══ RECORDS FOR THIS TASK

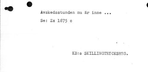 //// Avskedsstunden nu är inne ..* //// Se: Zz 1375 c //// * //// KB:s SKILLINGTRYCKSREG. //// t ////
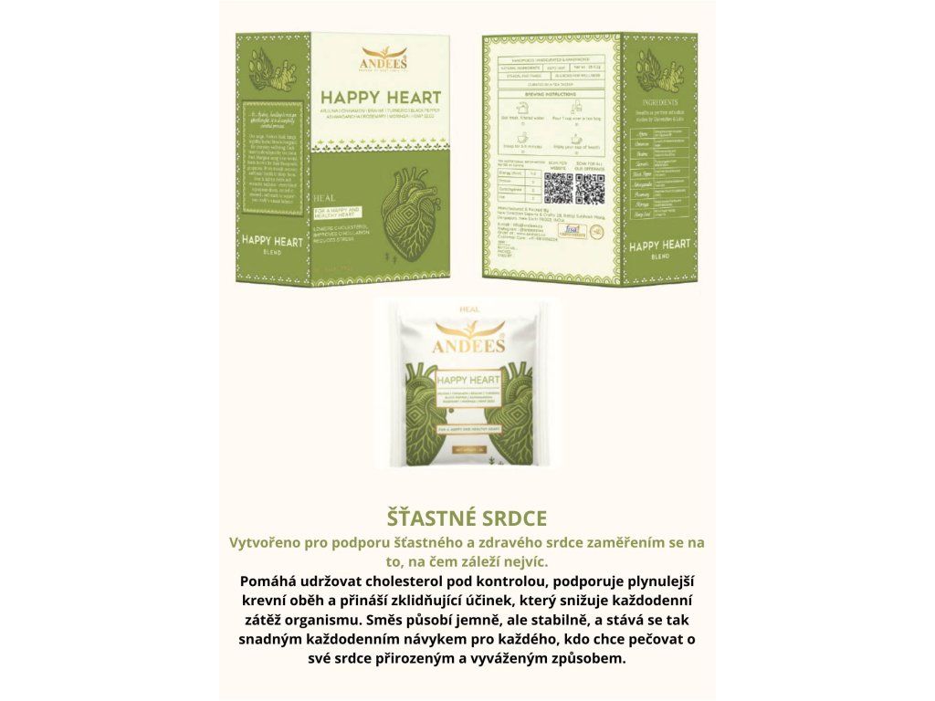 Pečlivě vytvořená bylinná směs ANDEES Happy Heart podporuje přirozenou péči o srdce a kardiovaskulární systém. Kombinace tradičních rostlin jako arjuna, brahmi, ashwagandha, kurkuma či moringa pomáhá udržovat cholesterol pod kontrolou, podporuje krevní oběh a přispívá k celkovému zklidnění organismu. Jemná chuť a vyvážené složení dělají z tohoto čaje ideální každodenní rituál pro péči o srdce.
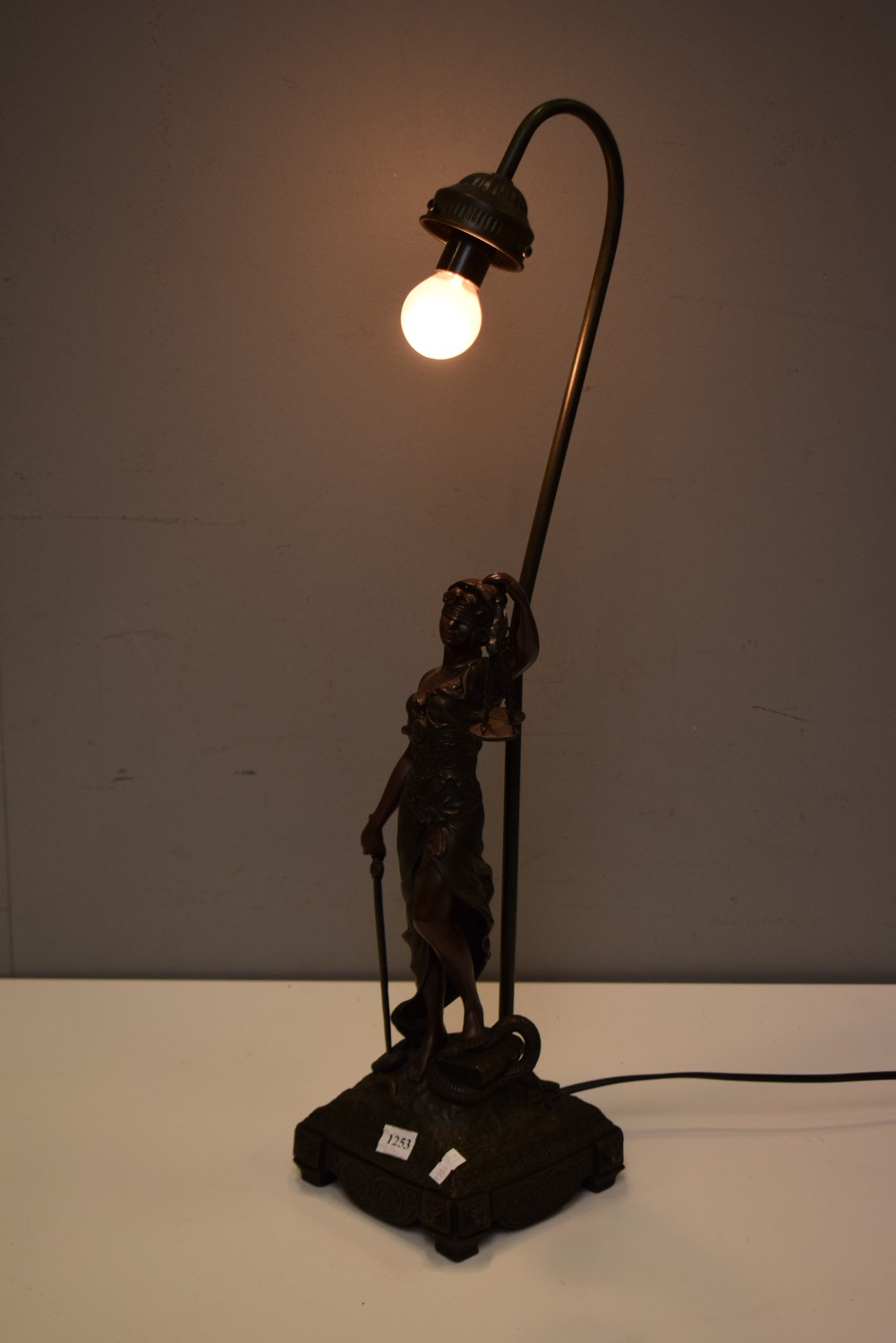 A BRONZE EFFECT FIGURAL TABLE LAMP DEPICITING JUSTICE (65 CM H)
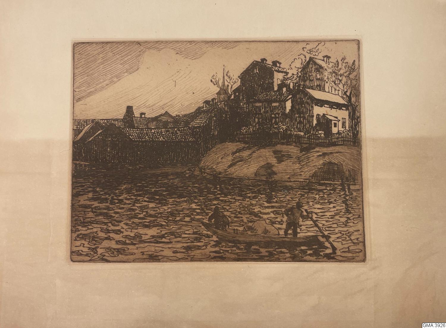 Bebyggelse på "Fyrkanten", etsning. (Av Otto Malmström.) Jfr teckning av O. Malmström med samma motiv, repr. i "Våren", 1907. Neg. D. 9511. (U:103, D.9512.)
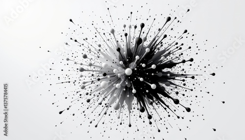 The black and white splatch explosion showcases the dynamic dispersion of particles as they spread out in a chaotic yet organized manner

════

Produce the entries again, word for word, without any of their pictures.

§ **ANSWER SPACE**
 //// Avskedsstunden nu är inne ..* //// Se: Zz 1375 c //// * //// KB:s SKILLINGTRYCKSREG. //// t ////
 Pečlivě vytvořená bylinná směs ANDEES Happy Heart podporuje přirozenou péči o srdce a kardiovaskulární systém. Kombinace tradičních rostlin jako arjuna, brahmi, ashwagandha, kurkuma či moringa pomáhá udržovat cholesterol pod kontrolou, podporuje krevní oběh a přispívá k celkovému zklidnění organismu. Jemná chuť a vyvážené složení dělají z tohoto čaje ideální každodenní rituál pro péči o srdce.
 A BRONZE EFFECT FIGURAL TABLE LAMP DEPICITING JUSTICE (65 CM H)
 Bebyggelse på "Fyrkanten", etsning. (Av Otto Malmström.) Jfr teckning av O. Malmström med samma motiv, repr. i "Våren", 1907. Neg. D. 9511. (U:103, D.9512.)
 The black and white splatch explosion showcases the dynamic dispersion of particles as they spread out in a chaotic yet organized manner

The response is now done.